**WHAT THE EXERCISE ASKS**
Could you give again exactly, and only, the lines from the one holding "Ultimate comfort is" through the end of the data, both ends included, with pictures left out?

**MATERIAL FOR THIS EXERCISE**
+--

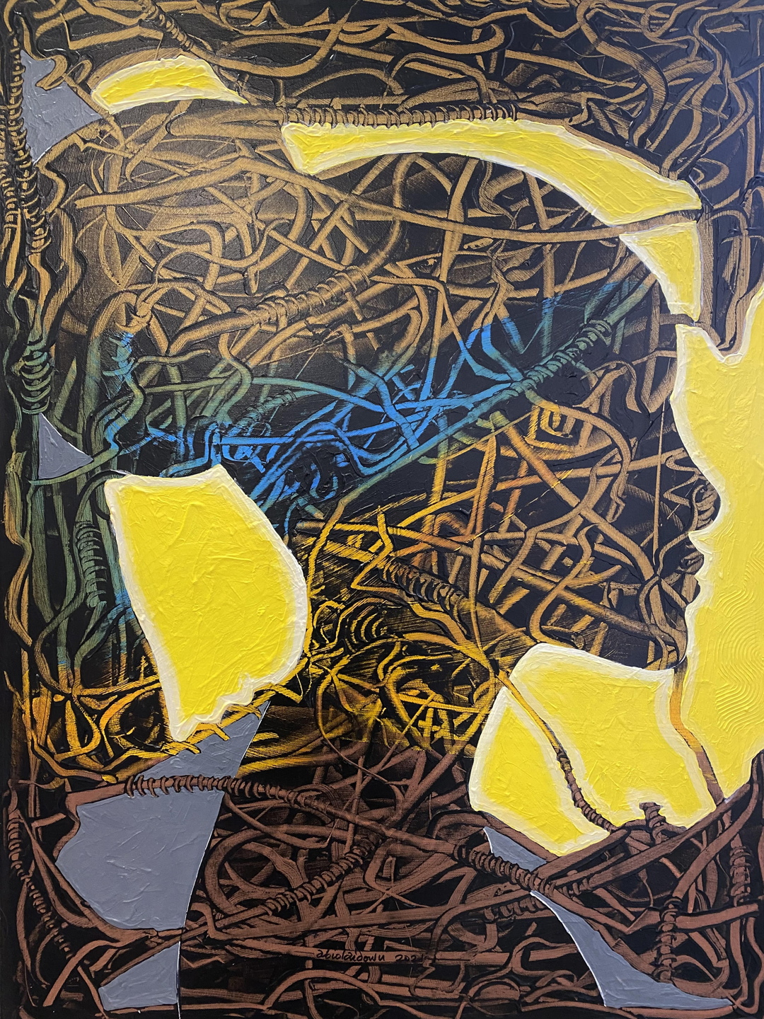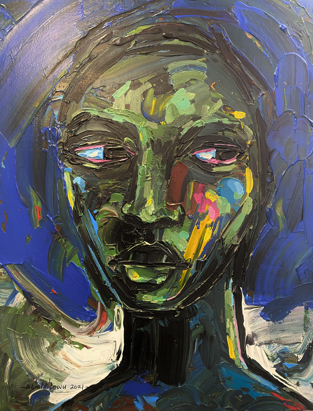 Abiola Idowu is a Nigerian-born visual artist based in Brampton, Ontario, Canada. Abiola is from the Zaria Art School, which is celebrated for its unique, vibrant figurative artwork. Scholars recognize his contributions to the school and the development of its unique style. Almost 30 years later, Abiola is still evolving as an artist. As he travels and grows, Abiola acquaints his eye and mind with new environments and cultures that influence his art. Abiola is passionate about sharing time and space with people, and using art to explore the beauty of the world. Find Abiola on Instagram.
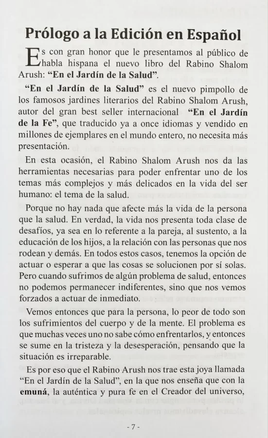 Porque cuando afirmamos que la curación proviene solamente del Creador y que se alcanza principalmente a través del arrepentimiento y de la plegaria, podemos cometer el error de pensar que entonces uno no tiene que tomarse la molestia de cuidar la salud, con la excusa de que “todo esta en manos del Creador”. Este libro contiene una guía terapéutica para la salud física y mental.
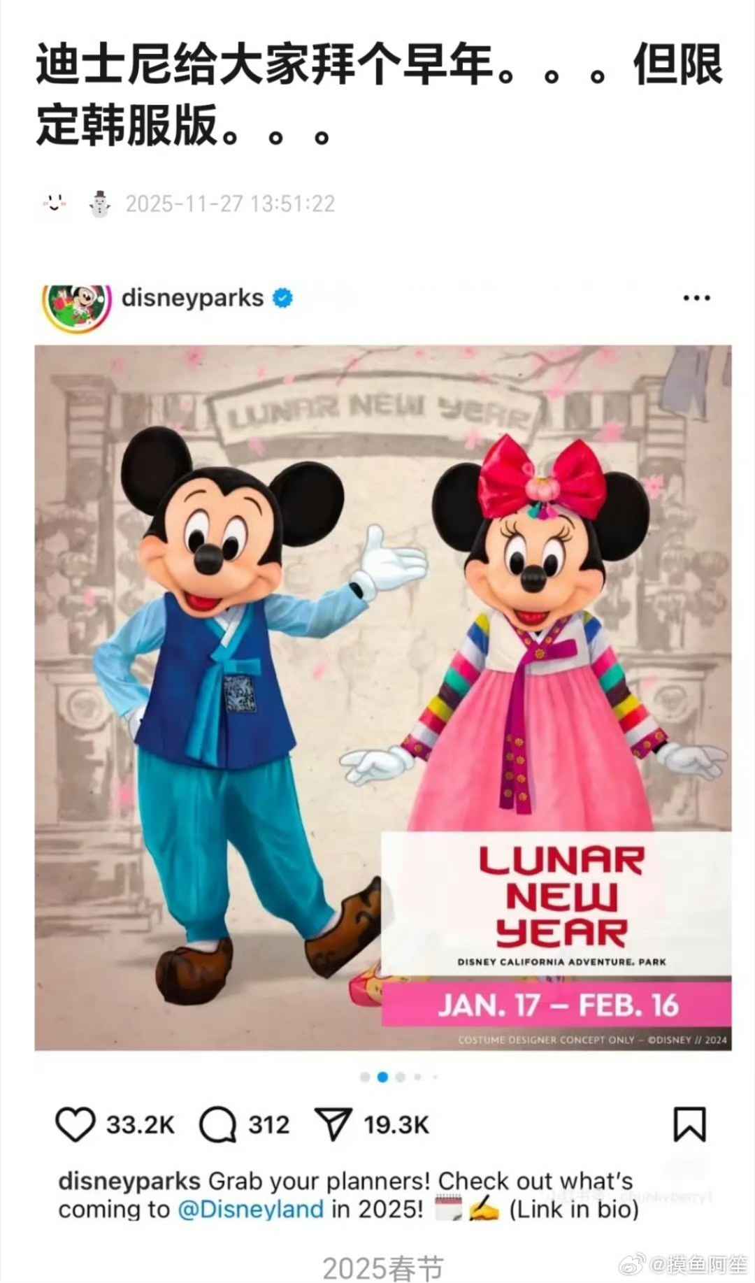 主题:动物城2虽然没有演员的黑历史被冲,但是迪士尼有吧,美国老家的迪士尼乐园过农历春节,米奇穿的是韩国古装服饰,始终是挪用 [4]
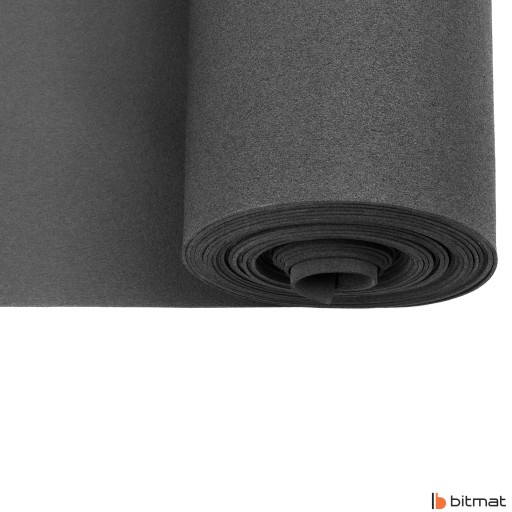 Mata wygłuszająca K3bk Bitmat - pianka izolacyjna gumowa bez kleju o strukturze komórek zamkniętych, posiada wysokie właściwości akustyczne oraz izolacyjne.
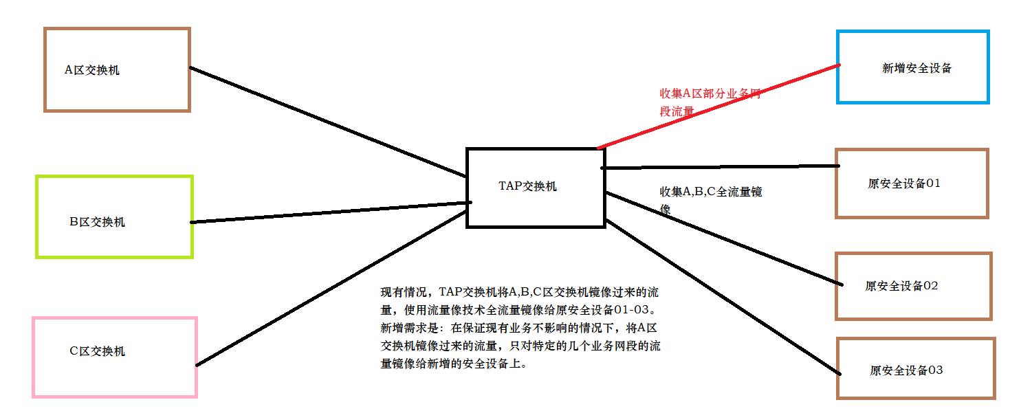 目前新增了一个需求,在源镜像过来的三个区中(A,B,C),在A区镜像过来的流量,针对部分特定的网段的业务做流量镜像,并将该流量镜像给新增的安全设备上。同时要保留现有的全流量镜像的业务。
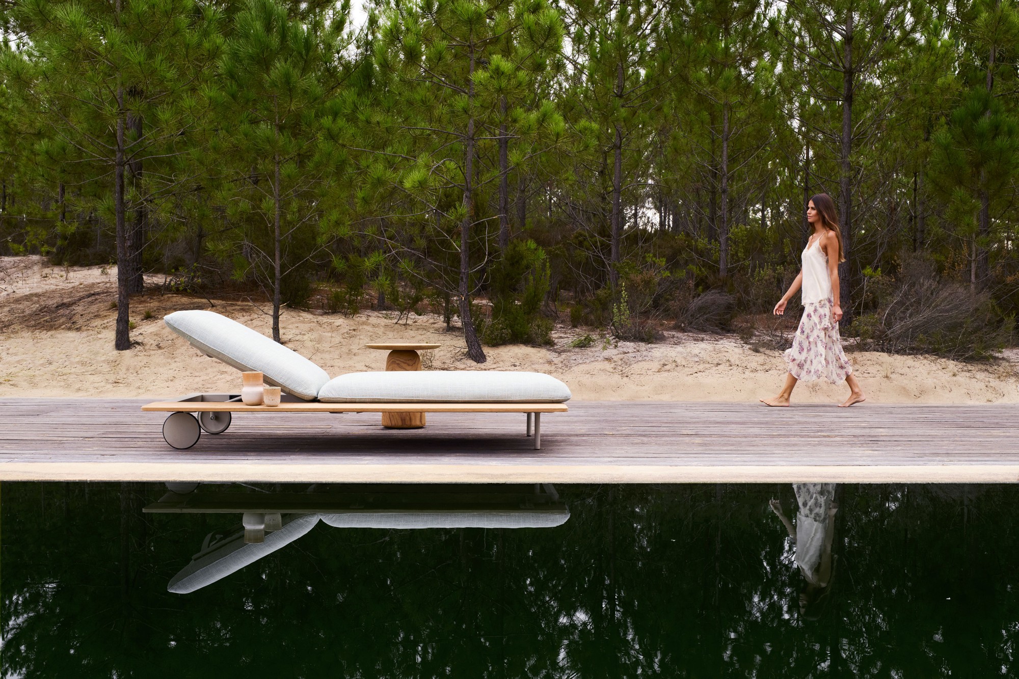 Ultimate comfort is the essence of the Senja lounger. The voluminous cushions ease away any stress and an optional full-length teak side table keeps everything close to hand.The extra-soft, weather-proof cushion filling and smooth Batyline covers, combined with a powdercoated aluminium or teak frame, make the Senja lounger as durable as it is indulgently relaxing.
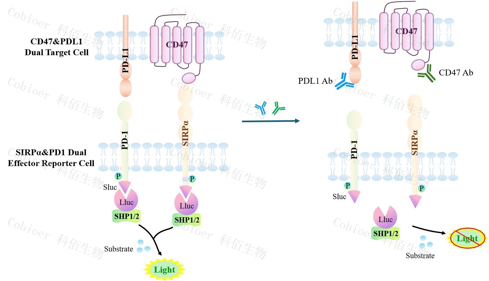 SIRPα&PD1 Dual Effector Reporter Cell 報 告 基 因 藥 靶 模 型 很 好 的 模 擬 了 體 內 SIRPα&PD1 的信號轉導過(guò)程,原理見(jiàn)下圖所示。

+--

**ANSWER TO THIS TASK**
 Ultimate comfort is the essence of the Senja lounger. The voluminous cushions ease away any stress and an optional full-length teak side table keeps everything close to hand.The extra-soft, weather-proof cushion filling and smooth Batyline covers, combined with a powdercoated aluminium or teak frame, make the Senja lounger as durable as it is indulgently relaxing.
 SIRPα&PD1 Dual Effector Reporter Cell 報 告 基 因 藥 靶 模 型 很 好 的 模 擬 了 體 內 SIRPα&PD1 的信號轉導過(guò)程,原理見(jiàn)下圖所示。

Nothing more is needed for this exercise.